Output the listing exactly, without its pictures.

Available data =>
- - -
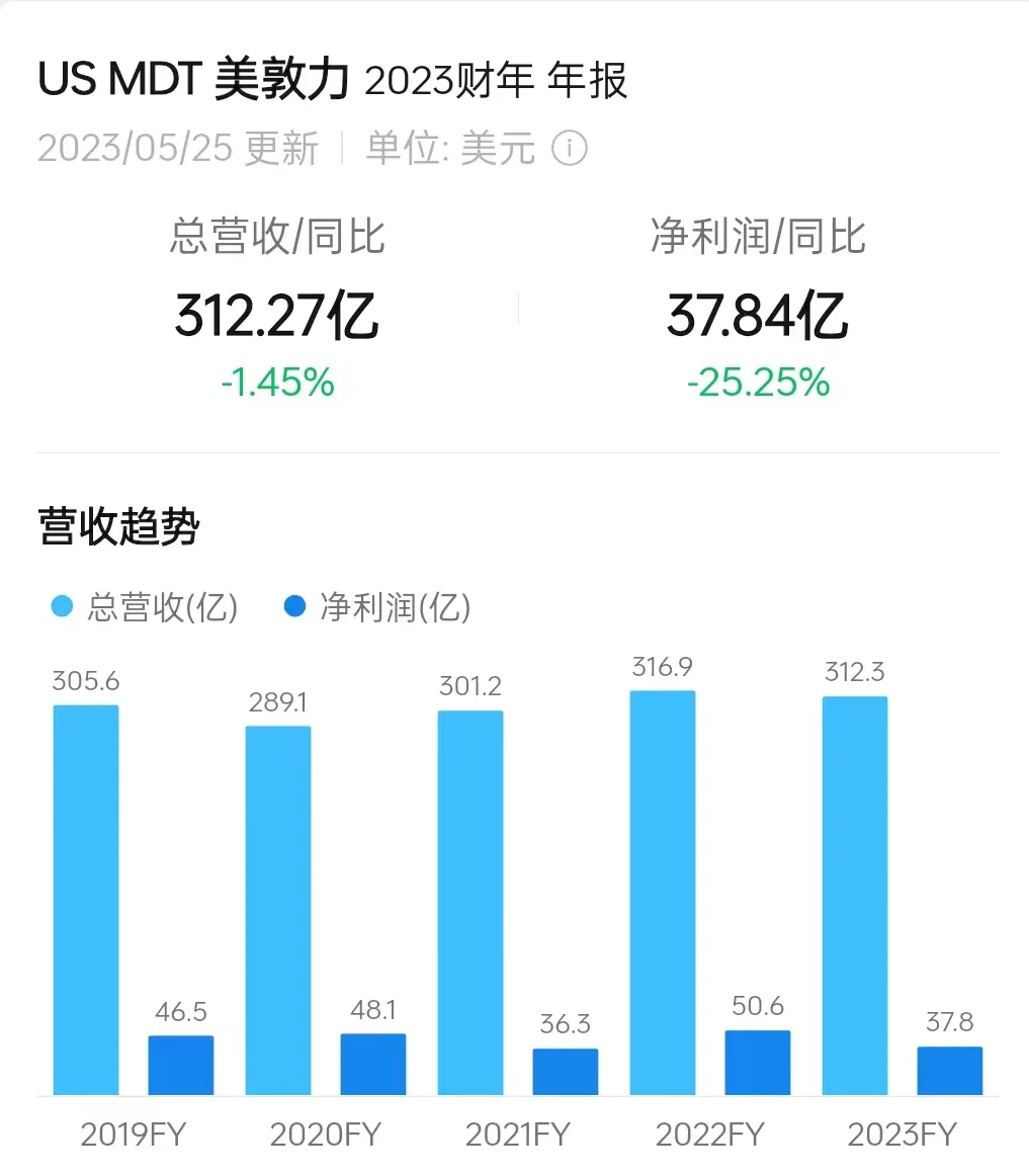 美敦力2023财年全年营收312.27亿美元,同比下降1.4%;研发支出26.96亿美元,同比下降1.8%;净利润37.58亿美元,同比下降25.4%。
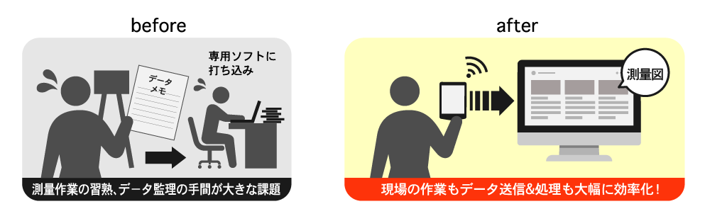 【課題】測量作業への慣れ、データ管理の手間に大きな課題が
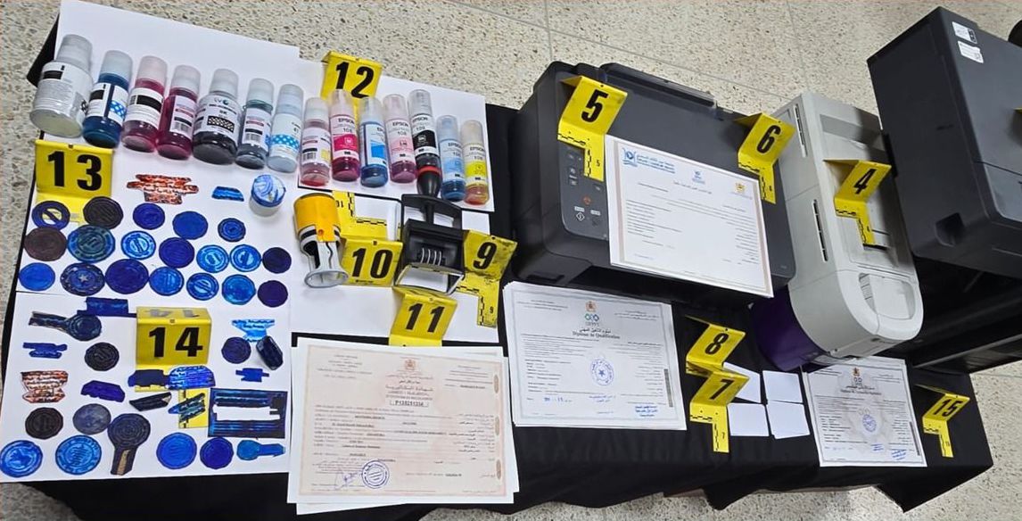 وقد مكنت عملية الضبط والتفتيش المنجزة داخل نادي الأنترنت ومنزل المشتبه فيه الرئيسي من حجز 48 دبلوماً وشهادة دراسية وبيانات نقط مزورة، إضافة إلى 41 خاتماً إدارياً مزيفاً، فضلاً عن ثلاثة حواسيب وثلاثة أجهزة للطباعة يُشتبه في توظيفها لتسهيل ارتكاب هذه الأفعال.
- - -
Result =>
 美敦力2023财年全年营收312.27亿美元,同比下降1.4%;研发支出26.96亿美元,同比下降1.8%;净利润37.58亿美元,同比下降25.4%。
 【課題】測量作業への慣れ、データ管理の手間に大きな課題が
 وقد مكنت عملية الضبط والتفتيش المنجزة داخل نادي الأنترنت ومنزل المشتبه فيه الرئيسي من حجز 48 دبلوماً وشهادة دراسية وبيانات نقط مزورة، إضافة إلى 41 خاتماً إدارياً مزيفاً، فضلاً عن ثلاثة حواسيب وثلاثة أجهزة للطباعة يُشتبه في توظيفها لتسهيل ارتكاب هذه الأفعال.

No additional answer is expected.